Feline Anti-Sun Science In The Cat Machine
It's time to save the Earth with cats.
There are a few quick ways to my heart. Food, Blizzard games, Magic cards, but cats is probably the easiest. The Cat Machine [official site] has discovered this great secret, combining easy to learn puzzle mechanics with cat trains. Cat trains which you must direct onto the right tracks so that they can take off into space and stop the Earth from falling into the sun. As solo developer Matt Luard put it, "it's all very scientific." It came out yesterday, so launch trailer and speedy thoughts after a few minutes with the game below.
That trailer fails to tell you what the game is but gives a perfect impression of it anyway. You have to build tracks to direct cat trains around a map. Each cat and track is colour coordinated. A train will go down the track that is of the same colour as its lead cat, who will then fire off into space. You have to clear all the cats out and direct the final one to the white lane, which is always in a static position.

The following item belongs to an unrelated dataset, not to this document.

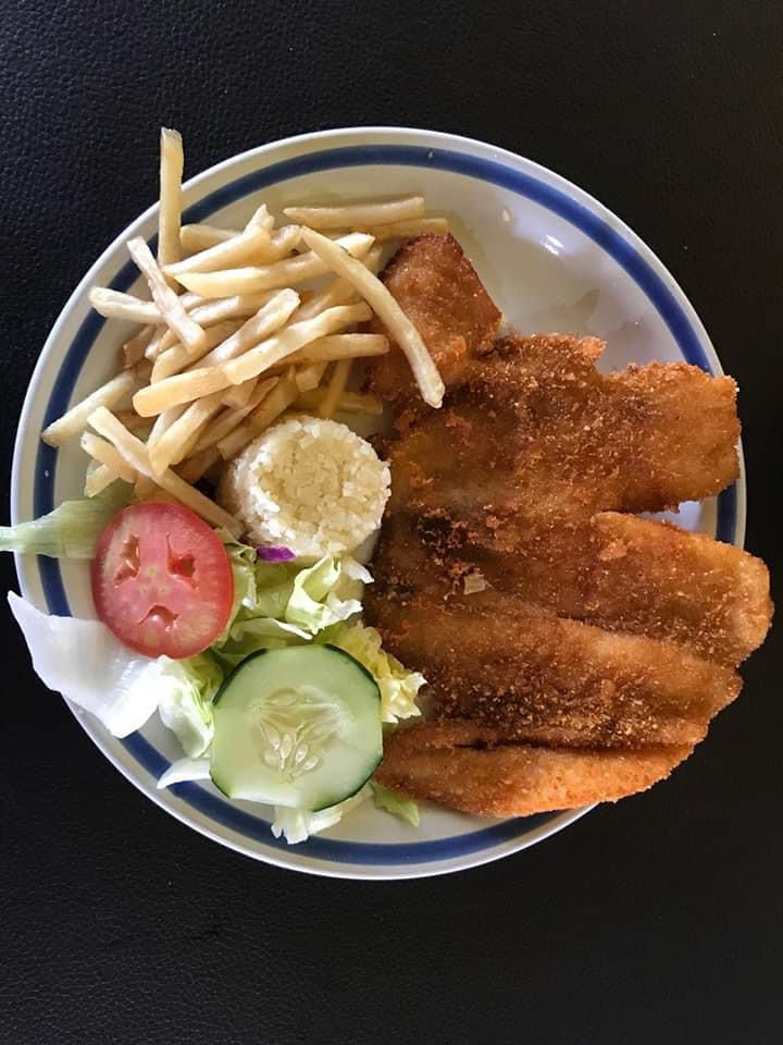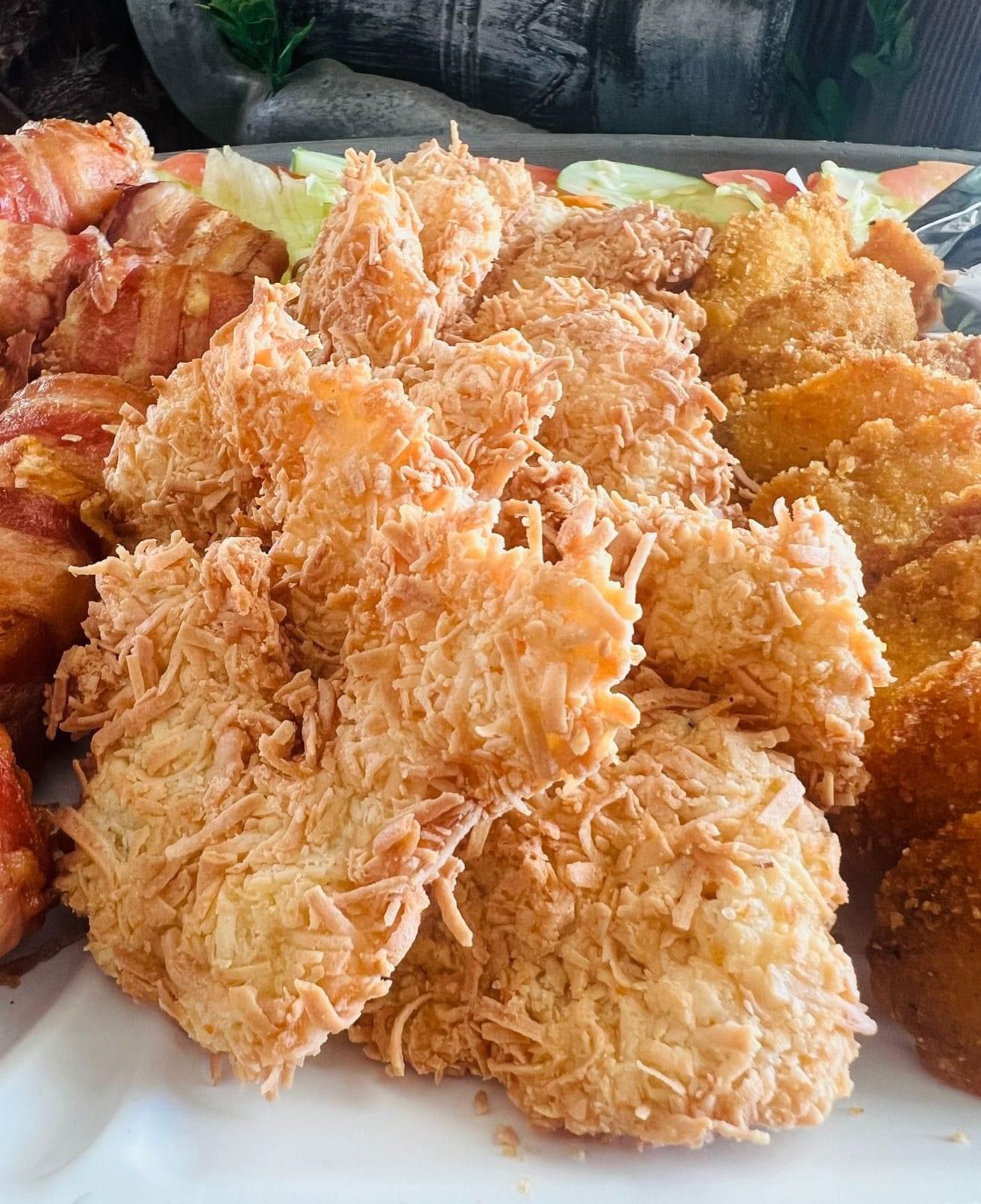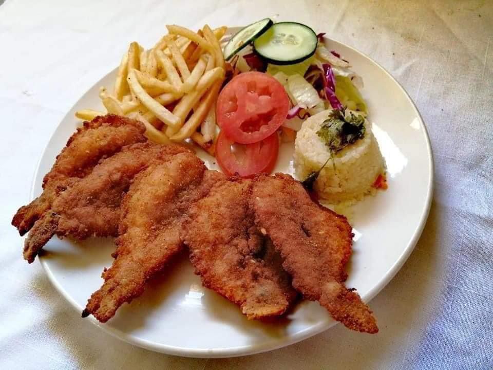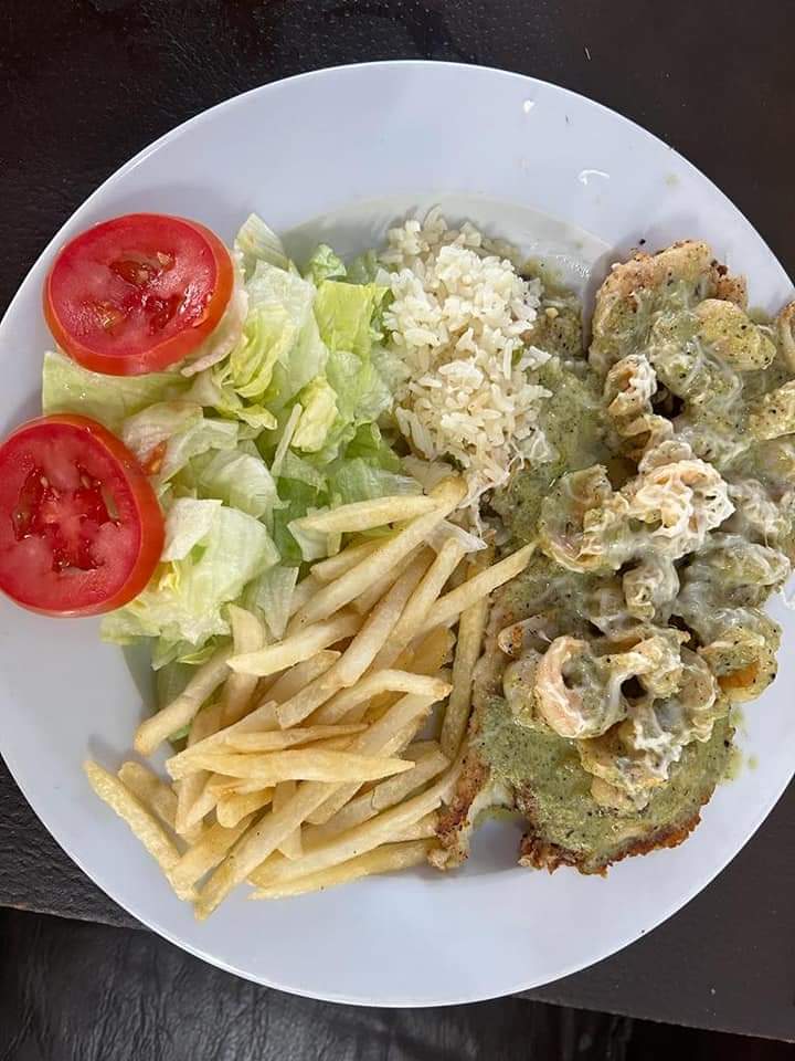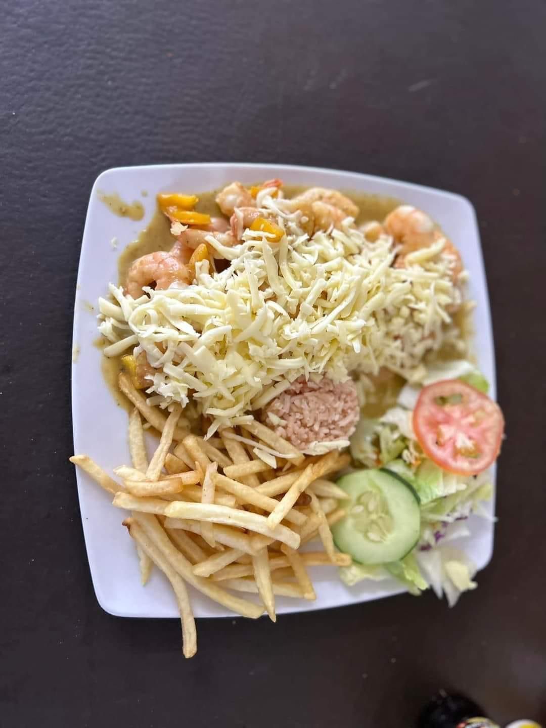 Camarones cocidos empanizado acompañado y papas a la francesa
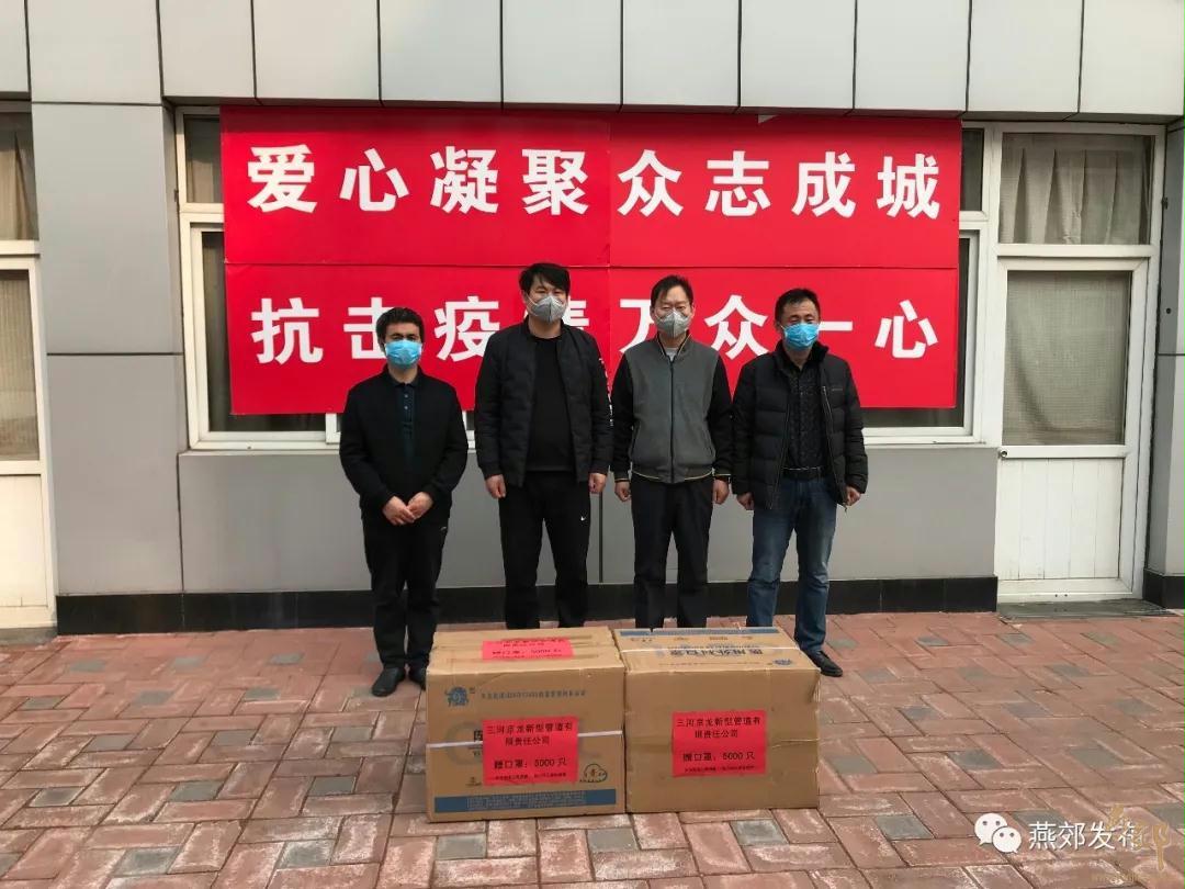 3月6日,三河京龍新型管道有限責任公司向燕郊高新區管委會捐贈口罩5000只,助力疫情防控阻擊戰。

There's humour here in spades. Beyond cute kitties typing at laptops and donning science glasses, every bit of text is filled with jokes. Not all of it hits the mark, but it's exactly as irreverent and fun as the concept itself, so if it looks like your bag then chances are the writing will be too. If it isn't then at least it never seems to get in the way of the puzzles.
Those puzzles, at least in the early game, are both satisfying to complete and complex enough to require a bit of thought, though judging by the menu there's only a few dozen of them.
It's fun, fast, colourful and costs a bit over £6 on Steam or the The Cat Machine site.